In the tropical green water below teamed sea bass, red snappers and some monstrous-looking giant groupers.
“They’re as big as you,” laughed the weathered fish farmer as I edged my way back along the slats to shore. On a field-to-table food excursion, the plan was to cook up a storm that evening with whatever we found during the day.
But first, some shopping. We boarded our boat and set off for a nearby market. There, raffia bags bulged either side of the pavement with masses of dried squid and anchovies, while spilling out of open-fronted shops, tables groaned with dragon fruit and pineapples.
Noodle machines clacked, passers-by bartered for bundles of brightly coloured vegetables and street sellers shouted their prices over the din. Filling my bag with banana leaves, it was time to take my wares back to base.
Nestled on a 300-acre private island, the five-star Pangkor Laut Resort may be a hefty four-hour transfer from Kuala Lumpur (where we stayed overnight to break up the travelling), but it’s worth every second of the journey.

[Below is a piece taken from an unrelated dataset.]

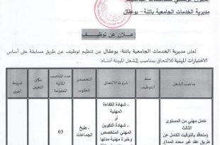 اعلان عن توظيف مديرية الخدمات الجامعية باتنة بوعقال ads تعلن مديرية الخدمات الجامعية لولاية باتنة بوعقال عن فتح مسابقة توظيف في الرتب المبينة ادناه عامل مهني من المستوى الثالث عدد المناصب 03 منصب نمط التوظيف: مسابقة على اساس الاختبارات المهنية حارس عدد المناصب 02 …
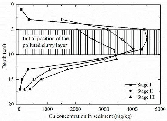 At the end of Stage I, there was little change in the Cu concentrations in the sediment. As presented in Figure 7, slight increase of Cu content was observed in the sediment above the polluted layer, while a relatively larger increase was found below the polluted layer. Since there was a concentration gradient between the polluted slurry and the clean slurry, Cu in the polluted layer diffused into the surrounding layers through pore water [41]. Furthermore, the downward diffusion amount was larger under the effect of gravity.

A small patch of heaven, Pangkor Laut provides everything you would expect from a private island: peace in spades, exceptional service (they’ll remember you like your Martini shaken, with a twist) and palm-lined white sandy beaches worthy of a postcard.
Thanks to their Chef’s Kitchen Experience, they also promise to turn even the most dreadful of cooks (like myself) into the next Raymond Blanc.
As you sail up to the jetty you get your first glimpse of the resort’s elegant dark wood sea villas, their stilts emerging from the clear, lapping waters of the Strait of Malacca.
Each villa is equipped with an enormous sunken bath and rainforest shower and a sleek wooden terrace with views out over the water.
While you are discouraged to jump into the water from your sea villa itself, the aptly named Emerald Bay is just a short shuttle ride away.
Set back in a secluded inlet, a discreetly placed net catches any jellyfish, meaning you can swim and walk along the shore without fear of a sting.
Hammocks and rope swings hang from branches overhead and offer the perfect place for an afternoon nap.
Hopping off the boat, we walked under a sea almond tree laden with hundreds of dangling fruit bats. Elsewhere on the island, you might find a wild boar and its babies, great hornbills, water monitor lizards and even a pangolin.
But for us, it was time to cook. As the sun began to dip, I took a seat at the resort’s seafront kitchen. Pangkor Laut’s head chef added his expertise and together we prepared the fruits of our excursion.
As our creation began to gently simmer, the scents of spices and freshly chopped chilli swept up from the pan. Then, served on a smoked banana leaf, I tucked into our feast of Malaysian spiced red snapper and sticky white rice.
Fresh and delicious, it certainly tasted better than anything I’d ever cooked before. But then again, it’s not every day you get to cook on your own private island.
Rooms at Pangkor Laut Resort (pangkorlautresort.com) start at £302 per night, including breakfast.
Rooms at Hotel Stripes (stripeskl.com), Kuala Lumpur, start at £74 per night.
British Airways operates direct flights from London Heathrow to Kuala Lumpur, with fares available from £539 return.